GOAL OF THE EXERCISE: Where the line containing "Men's Thermal Underwear" appears below, begin there and reproduce each line exactly through the last one, omitting pictures.

RECORDED INFORMATION:

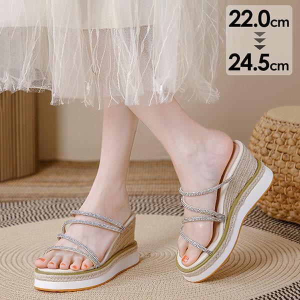 厚底ミュール ウェッジヒール キラキラ 可愛い 厚底 ミュール ヒール9cm レディース サンダル ベージュ ウェッジヒールサンダル かかとなし 普段履き サマー 夏 カジュアル かわいい ゴージャス リゾート 海 プール 旅行 コンフォートサンダル シューズ 小さいサイズ 22.0/22.5/23.0/23.5/24.0/24.5 di250g5g5l9
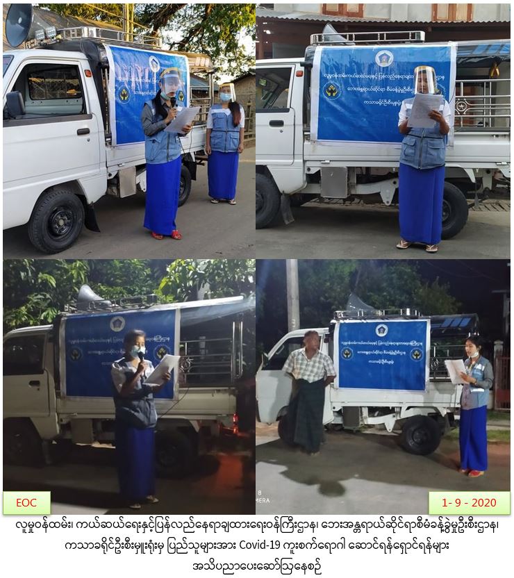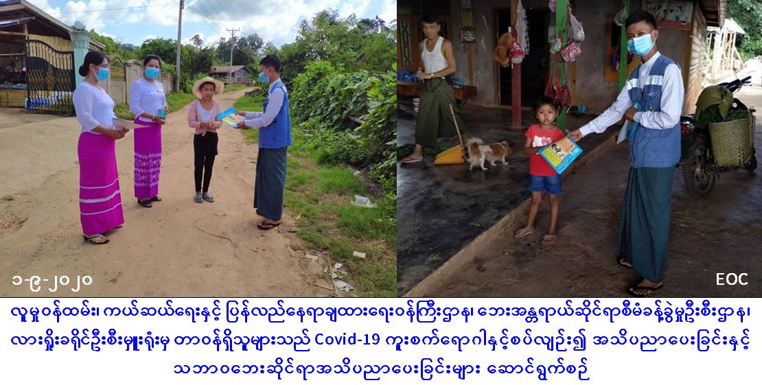 Covid-19 ကူးစက်ရောဂါနှင့်စပ်လျဉ်း၍ အသိပညာပေးခြင်းနှင့် သဘာဝဘေးဆိုင်ရာအသိပညာပေးခြင်းများ ဆောင်ရွက်မှုသတင်း
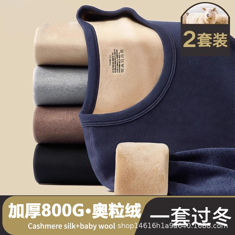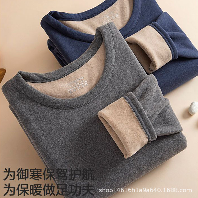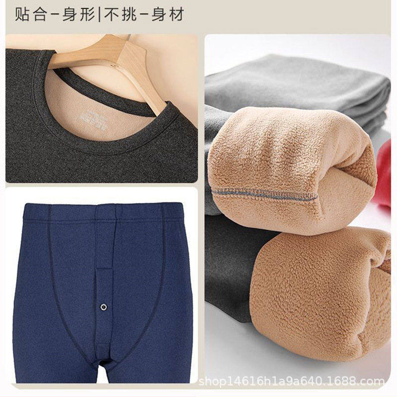 Men's Thermal Underwear Set with Fleece Lining, Thickened Autumn Clothes and Pants, Men's De Rong Cashmere, Heat-Retaining and Cold-Proof, New Winter Model
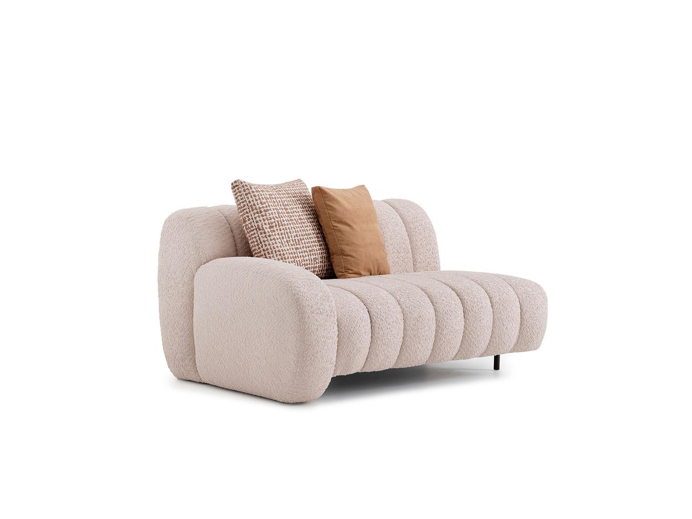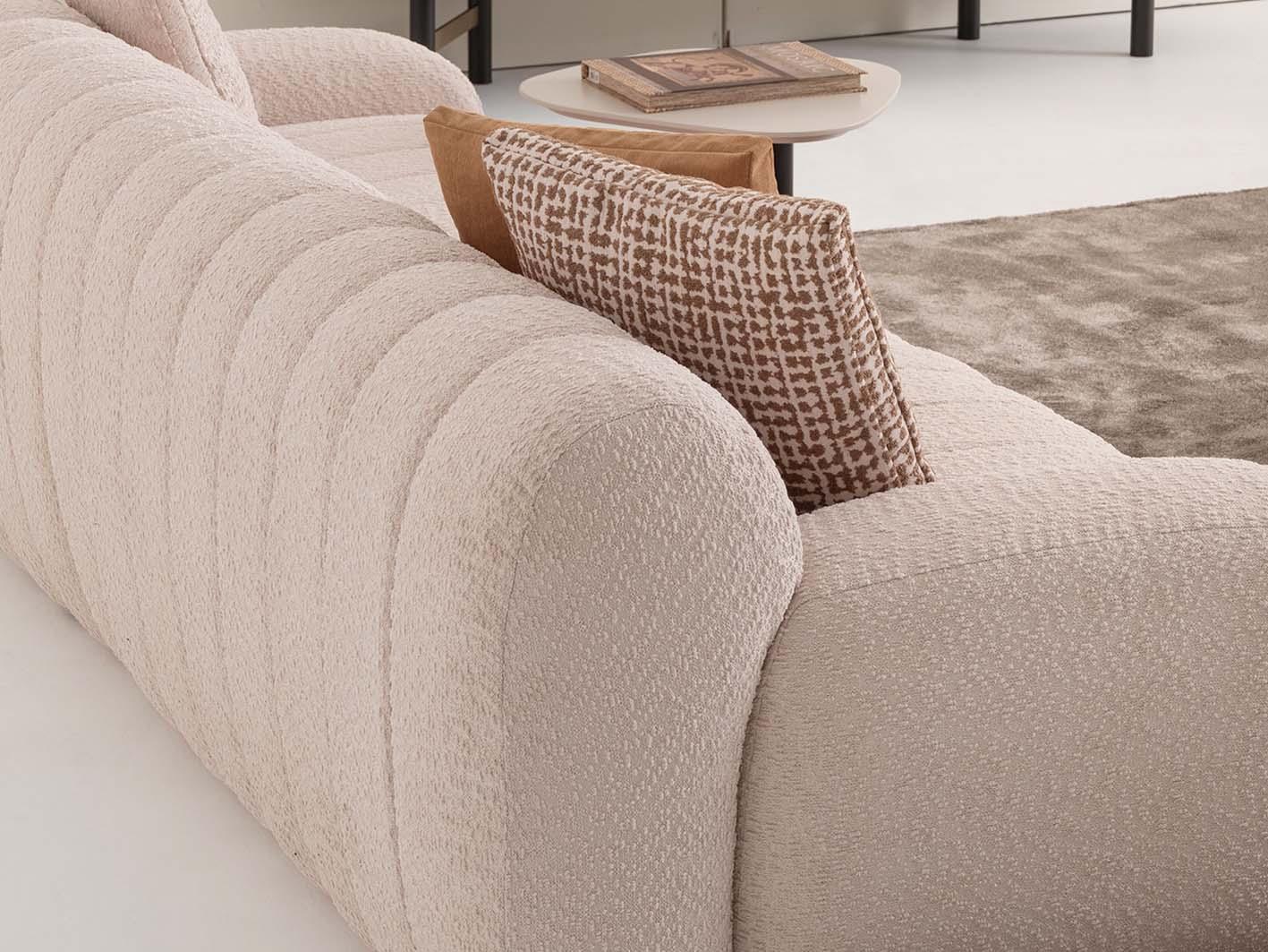 تم اختيار خامات التنجيد بعناية لتوفر ملمسًا فاخرًا وشعورًا ناعمًا عند كل استخدام. يتكوّن التنجيد من 80% قطن، 10% بوليستر، و10% بولي بروبلين، مما يمنح القماش نعومة طبيعية مع مقاومة عالية للتآكل والاستخدام اليومي. اللون البيج الأنيق يعزز من إحساس الراحة والدفء داخل المساحة.

WRITTEN SOLUTION:
 Men's Thermal Underwear Set with Fleece Lining, Thickened Autumn Clothes and Pants, Men's De Rong Cashmere, Heat-Retaining and Cold-Proof, New Winter Model
 تم اختيار خامات التنجيد بعناية لتوفر ملمسًا فاخرًا وشعورًا ناعمًا عند كل استخدام. يتكوّن التنجيد من 80% قطن، 10% بوليستر، و10% بولي بروبلين، مما يمنح القماش نعومة طبيعية مع مقاومة عالية للتآكل والاستخدام اليومي. اللون البيج الأنيق يعزز من إحساس الراحة والدفء داخل المساحة.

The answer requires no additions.